A part of myself that needs love hasn’t been loved. I do not love the achiever perfectionist part of myself, clinging to safety and stifling authenticity.
When I write, I write for fun, freedom, and life. Then, the idea of publication catapults me into the familiar squeezing achiever who tells me it must be just right, perfect before putting it out into the world. I begin to spiral–rework, rework, rework.
Can I love that part of myself?
I find it in my chest. A small, dark snake wrapped around a slick metal dowel. Squeezing tight. Protective and protecting.
Thank you for protecting me.
And yet, I’m annoyed. Your protection is stifling. It throws me off balance, squeezes my words, tries to force them into unfamiliar boxes. Your well-intentioned but misguided love smothers me.
How to love the over-achiever part of myself? The not-enough, needs-more-work part that imagines an editor reading over my shoulder as I type, summarily rejecting every word.
I’ve no question of myself as a writer. That’s not it. Stories course through my body as words flow onto the page. I can’t not write. I feel less an imposter than ever.
Except when I begin to rework. I break it all apart in in the hopes that maybe my words will eventually catch someone’s attention. My greatest fear: I bear my soul in a way inarticulable to anyone else. In reworking, I squeeze and squeeze and squeeze the life out of a piece until it’s unrecognizable to me but works for the imagined everyone else.
I feel the stakes on my shoulders. If the powers-that-be don’t understand, then my words, the beautiful light I’ve discovered, won’t reach the few who need them. How to reach those kindred souls, the ones who yearn for my words but have no path to find them? I write for them. I revise for them.
Except that I don’t. I revise for editors, those gatekeepers of the microphone who judge my worthiness to be on the stage. Do I go around them or appease them?
Maybe I try not to please but simply to show myself as I am. Can I do that? Can I love the part of myself that wants to appease and then gently set it aside so I can do the work of getting my completely ordinary, beautifully imperfect self onto the page?

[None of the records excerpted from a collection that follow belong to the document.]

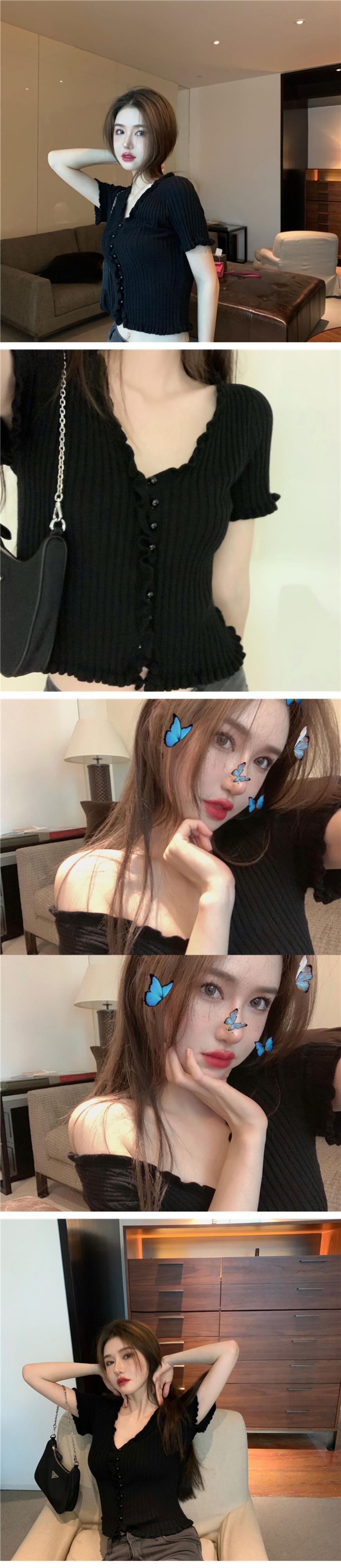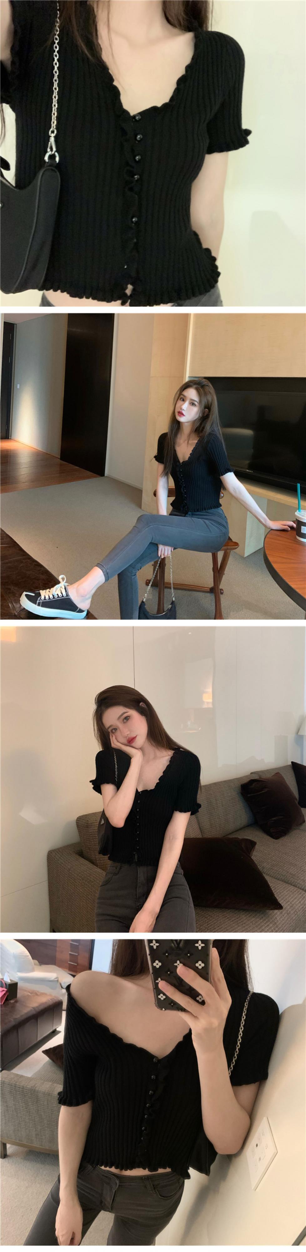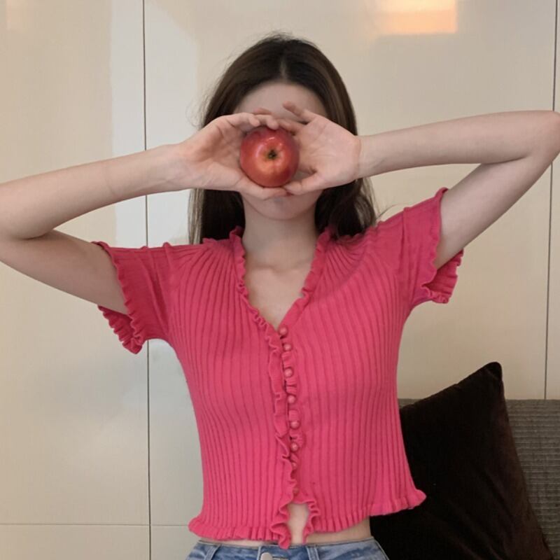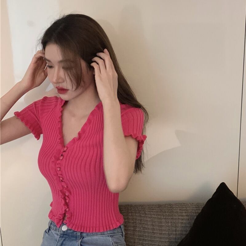 ブラウス スプリングサマーVネックショートニットセーター スリム 春物 夏物 ドラファッションホール34266741204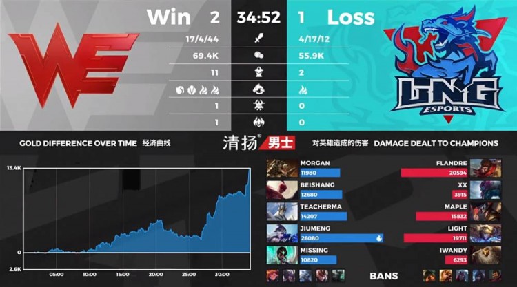 【34:15】WE稳稳控下远古龙,随后反打野区的LNG人员,一波追击战团灭LNG后结束比赛。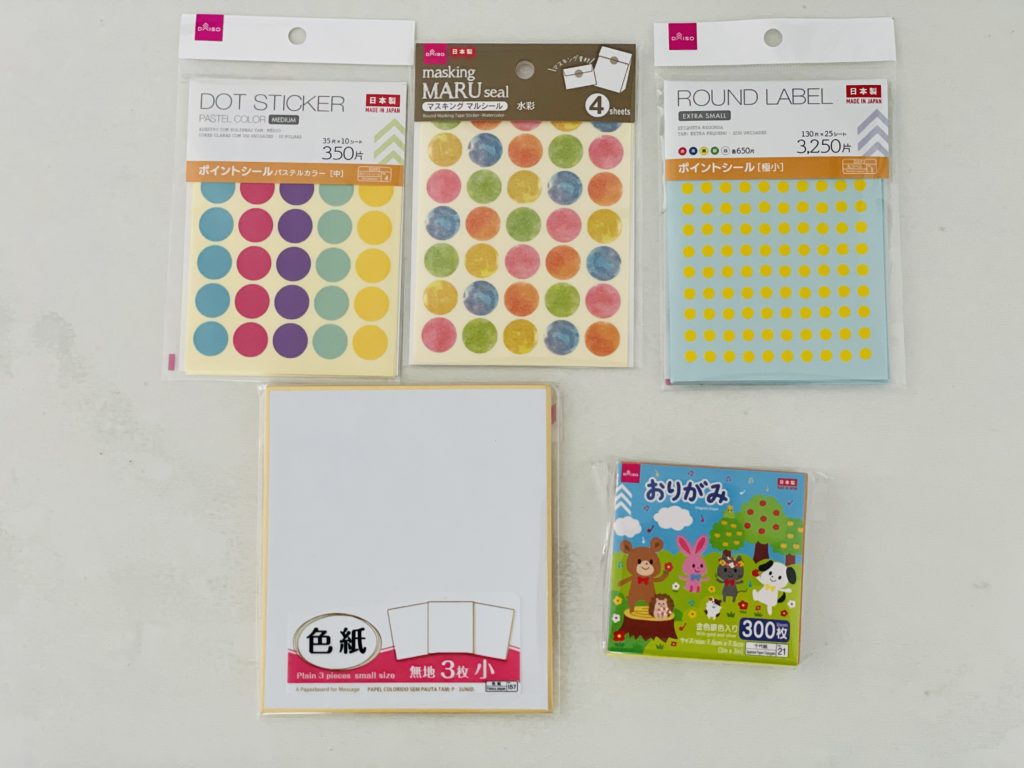 大小の丸シールと折り紙と色紙。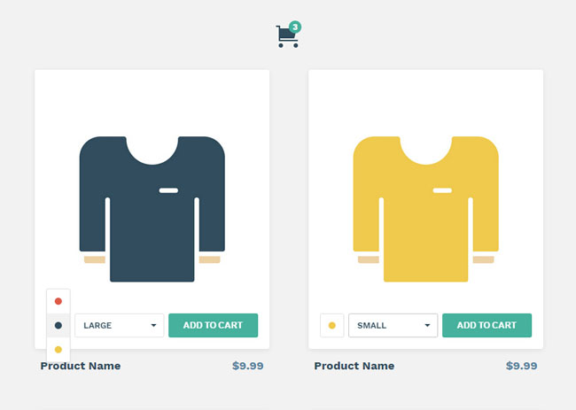jQuery HTML5添加到购物车代码是一款支持选择颜色跟样式的添加购物车代码。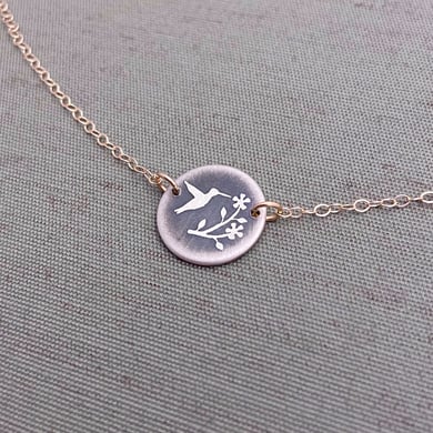 14k Gold and Sterling Silver Tiny Hummingbird Necklace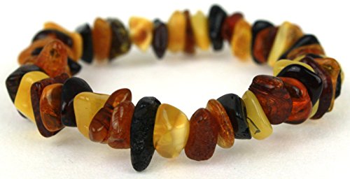 BALTIC AMBER TEETHING BRACELET OR ANKLET FOR BABIES, TODDLERS, AND KIDS - LAB-TESTED - MULTICOLORED CHIPS - STRETCHY CORD - 5.5 INCHES

To be seen is to be judged. To be perfect is to avoid judgment. Perfection equals invisibility.
That’s my old self talking, the one I’m trying to rewrite. I no longer want to be invisible. I want to fill this chasm with beautiful, unflinching uniqueness. I want to be free.
I reach my hand toward the snake, keeping my distance and letting it come to me.
“Don’t be afraid,” I tell it. “I’m here. What do you need?”
Safety. The word rises from the depths of my gut.
“I am safe,” I tell it.
The snake hovers its head away from the rod, testing me. I keep my hand steady. It finds its way up the inside of my forearm, stopping just before my elbow. Most of its body still clings tight to the rod. I remain still.
Eventually, the snake returns to the rod and continues to grip, though less fiercely than before. Progress.
Tomorrow, we’ll try again, another step on the long journey toward letting go.